You will also need the inner boot and outer boot as well as the pleather boot. While you are at it, replace the shifter bushings. They are shot in most old Z cars.

You do need the full size engine plate instead of the half size one on the automatic (is that what you are calling the spacer plate?). Manual trans oil, rubber or SS clutch slave line to hard line. Good luck.

The hardline support rubbers and brackets to the firewall and the tab thats spot welded to the passenger frame rail . The auto cars have no clutch hardline support provisions from the master to the slave cylinder

Seems someone told me that, on the 240Z anyway, the wiring harness from the MT won't work on the AT. I can't say from personal experience, cause I haven't swapped to an Auto.
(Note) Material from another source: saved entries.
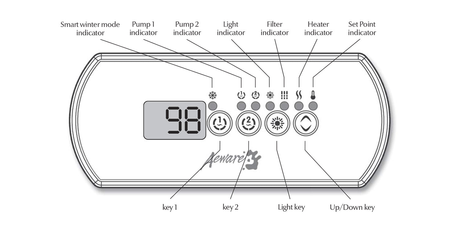 Included Overlay Button Layout : Pump1/Pump2/Light/Up/Down
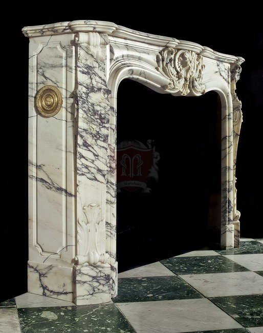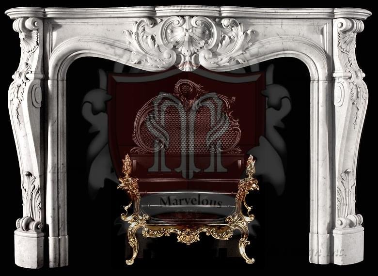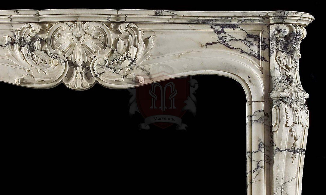 Antique 305 is an Italian marble mantel reproduction of the 18th century Louis XV. The precise carvings on the shelf help show the beauty of the marble mantels. The shelf has a unique design to display the meaning of nature with the flowers rising up from the middle of the frieze. With the thick shelf edges enhance the frieze beauty. The rigid tiger stripes are beautiful in every way and show that 2 different colors can be alike. The legs define the fireplace mantel as they are gorgeous to look at and support the mantle itself. Though this mantel may look heavy but is carved out from the back so it will not ruin your wonderful hardwood floor. The script carvings on the side of the legs are true beauty and show the antique history of this Old Italian marble fireplace mantle. On one side of the return is a cavity carved molding and in the middle is a bronze or brass plated draft to let in the air and suck out some as well. Under the mantle you can place a step raised hearth too. You can place an electric, gas or wood burning fireplace inside the marble mantels or add an over mantle if you desire.
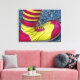 Une belle photo d'une chaussure de clown jaune et rouge et d'une chaussette assortie imprimée sur une toile.
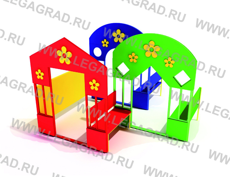 Городок предназначен для детей от 2-х до 7-ми лет. Несущие столбы выполнены из металлической трубы сечением 40х20 мм, каркас из трубы 20х20мм. Столбы бетонируются в землю. Боковые стенки, скамья со спинкой 3 шт и декоративные накладки изготовлены из влагостойкой окрашенной фанеры толщиной 18 мм. Деревянные детали тщательно отшлифованы, загрунтованы и окрашены. Металлические детали окрашены порошковыми красками.

Might be worth the investigation. I also know the 240z distributor was dual points on the AT. Can't say why the difference.

He's doing a 77 so it has electronic ignition. Also, he's going AT to manual, not the other way around. No one has mentioned either bypassing or eliminating the nuetral safety switch from the AT but that will have to be done also.

He also has to remove and block off the trans cooler lines to the radiator. I remember doing the neutral switch, but can't remember if it was just connecting the two harness wires together. The last time I did an A to M swap it was 22 years ago, so the details are a bit fuzzy.

You can do either. Connect the two wires together that goes to the switch or unplug the wire that goes to the inhibitor relay and run it directly to the starter. If you do the latter, it will circumvent the potential problem of a bad relay.